= Beginning of Section =
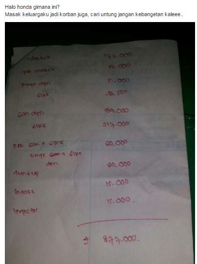 Biaya servis besar motor honda matic spacy fi 2013 om bro meski disini yang mtb ceritakan adalah motor spacy tapi untuk matic matic entry level lain seperti beat dan vario 110 bahkan motor bebek pun biayanya tidak akan berselisih jauh. Simak rangkaian artikel mengenai penyebab mobil turun mesin. Bayangkan jika ada komponen internal yang rusak dan dibiarkan. Namun semua itu bisa berantakan gara gara motor bermasalah.
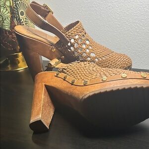 Step out in style with these chic woven slingback shoes. Featuring a beautiful tan and white design, these shoes are perfect for any occasion. Enjoy comfort and elegance with every step. Please note has some wear & tear but still in good condition
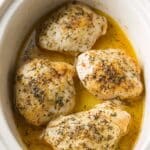 Here’s what I learned: avoid overcooking by checking the chicken around the 2.5-hour mark and adding butter on top before cooking really helps with moisture retention. Also, cooking on low rather than high ensures gentler heat and tender results.
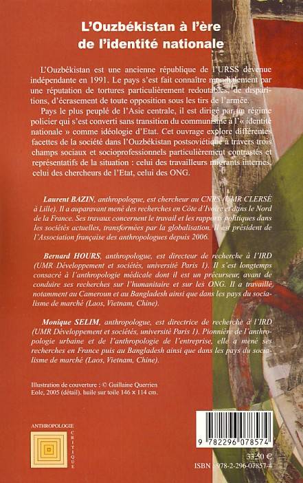 Ancienne république de l'URSS, l'Ouzbékistan est devenu indépendant en 1991. Pays le plus peuplé d'Asie centrale, il est dirigé par un régime policier qui s'est converti sans transition du communisme à l'identité nationale comme idéologie. Voici une exploration au travers des différentes facettes de la société dans l'Ouzbakistan postsoviétique.
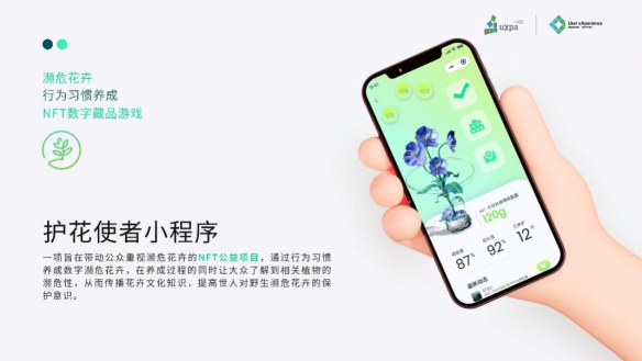 “护花使者”是一项旨在带动公众重视濒危花卉的NFT养成型珍稀花游戏小程序项目,通过行为习惯养成数字濒危花卉,在养成过程的同时让大众了解到相关植物的濒危性,从而传播花卉文化知识,提高世人对野生濒危花卉的保护意识。
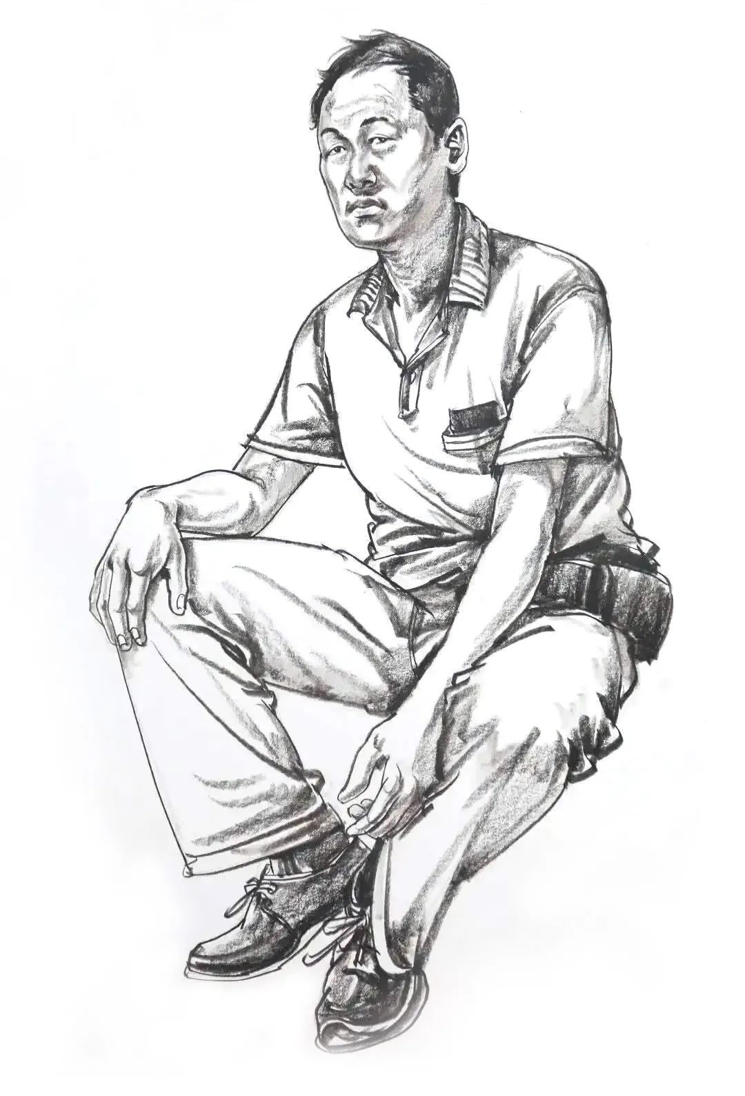 ①快寫:有兩種含義。一是模特姿勢處于靜止狀態,要求在相對更短的時間,如一、二分鐘之內作畫。再者模特處于動態中,進行快速繪畫。技術難度較高,在平時練習時,卻不容忽視。因為它更能培養畫者整體觀察的習慣,以及快速把握對象的造型能力。
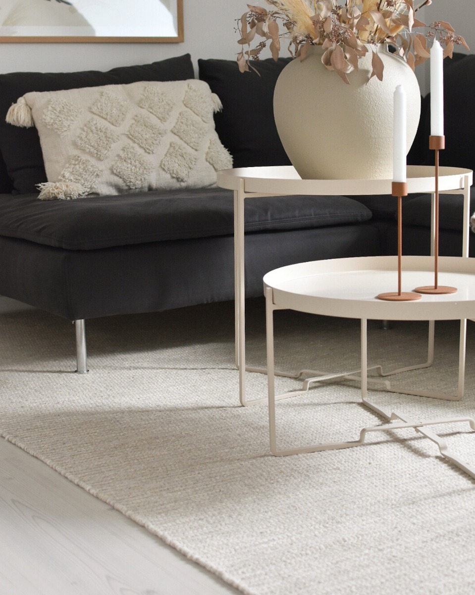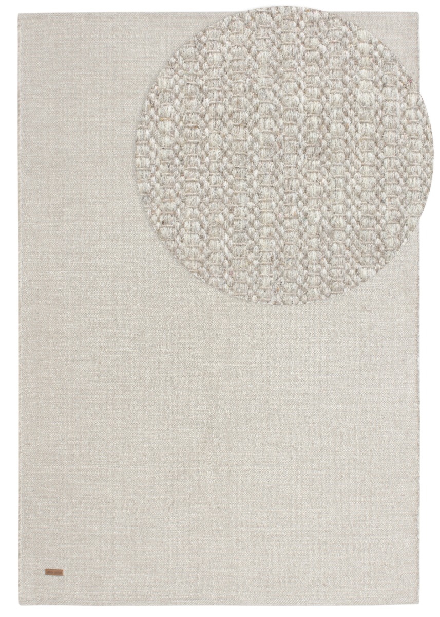 Upptäck ullmattan Molly i kräm och grå – en mjuk och stilren matta med naturligt ull- och bomullsmaterial, perfekt för ett varmt och trivsamt hem.
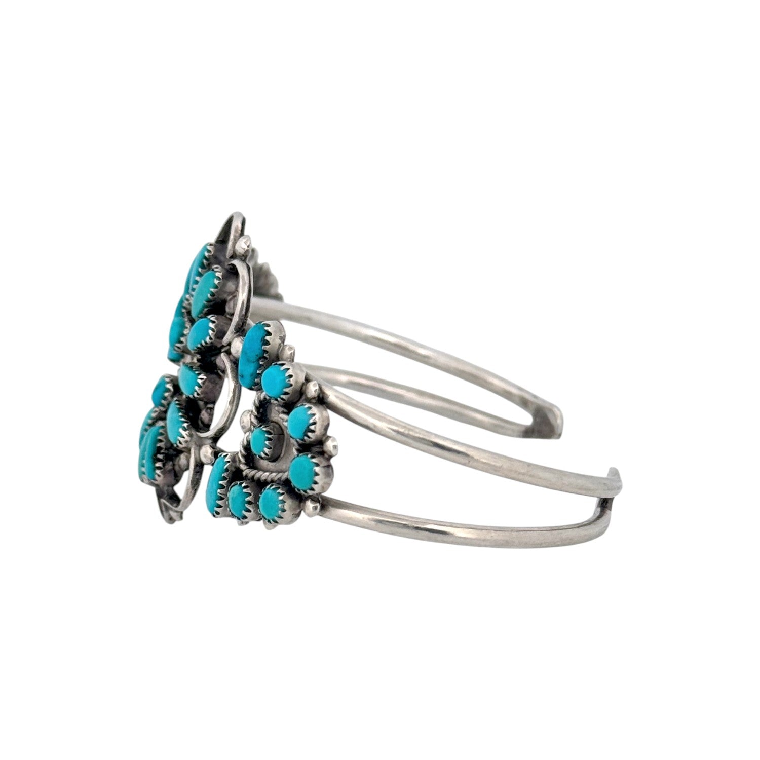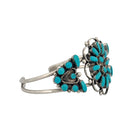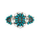 This exquisite Zuni handmade bracelet by Viola and Jacob Bobelu captures the timeless artistry of traditional Zuni cluster work. Handcrafted from sterling silver, it features brilliant Sleeping Beauty Turquoise stones arranged in a radiant floral pattern that reflects precision and balance. Each turquoise stone is hand-cut and set in delicate bezels, framed by silver beads and twisted wire for added texture and depth. The split-shank cuff enhances the design’s symmetry and provides a comfortable, elegant fit.
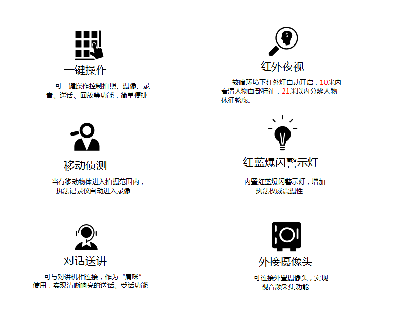 welcome海洋之神官网DSJ-200F 执法仪(法院/政府/城管)拍摄像素高达5000万,广角镜头137,拍摄画面精细而全面,大容量电池支持陆续在工作12小时不断电
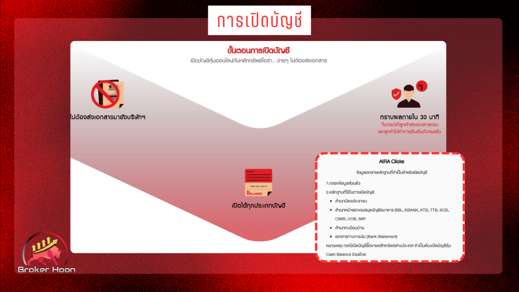 - การเปิดบัญชีกับ AIRA มีช่องทางที่ครบครันและเหมาะกับเทรดเดอร์ทุกกลุ่ม โดยเฉพาะการเปิดบัญชีออนไลน์ที่รวดเร็วและสะดวก จุดเด่นอยู่ที่การใช้ระบบ NDID และการอนุมัติที่รวดเร็ว อย่างไรก็ตาม ควรพัฒนาให้การสมัครผ่านไปรษณีย์เหมาะสมกับยุคดิจิทัลมากยิ่งขึ้น
= End of Section =
▸ **WHAT YOU ARE ASKED TO DO**
Your answer must be exactly the lines from the one containing "①快寫:有兩種含義。一是模特" through the last line of the records above, both included, with every picture left out.

▸ **EXERCISE RESULT**
 ①快寫:有兩種含義。一是模特姿勢處于靜止狀態,要求在相對更短的時間,如一、二分鐘之內作畫。再者模特處于動態中,進行快速繪畫。技術難度較高,在平時練習時,卻不容忽視。因為它更能培養畫者整體觀察的習慣,以及快速把握對象的造型能力。
 Upptäck ullmattan Molly i kräm och grå – en mjuk och stilren matta med naturligt ull- och bomullsmaterial, perfekt för ett varmt och trivsamt hem.
 This exquisite Zuni handmade bracelet by Viola and Jacob Bobelu captures the timeless artistry of traditional Zuni cluster work. Handcrafted from sterling silver, it features brilliant Sleeping Beauty Turquoise stones arranged in a radiant floral pattern that reflects precision and balance. Each turquoise stone is hand-cut and set in delicate bezels, framed by silver beads and twisted wire for added texture and depth. The split-shank cuff enhances the design’s symmetry and provides a comfortable, elegant fit.
 welcome海洋之神官网DSJ-200F 执法仪(法院/政府/城管)拍摄像素高达5000万,广角镜头137,拍摄画面精细而全面,大容量电池支持陆续在工作12小时不断电
 - การเปิดบัญชีกับ AIRA มีช่องทางที่ครบครันและเหมาะกับเทรดเดอร์ทุกกลุ่ม โดยเฉพาะการเปิดบัญชีออนไลน์ที่รวดเร็วและสะดวก จุดเด่นอยู่ที่การใช้ระบบ NDID และการอนุมัติที่รวดเร็ว อย่างไรก็ตาม ควรพัฒนาให้การสมัครผ่านไปรษณีย์เหมาะสมกับยุคดิจิทัลมากยิ่งขึ้น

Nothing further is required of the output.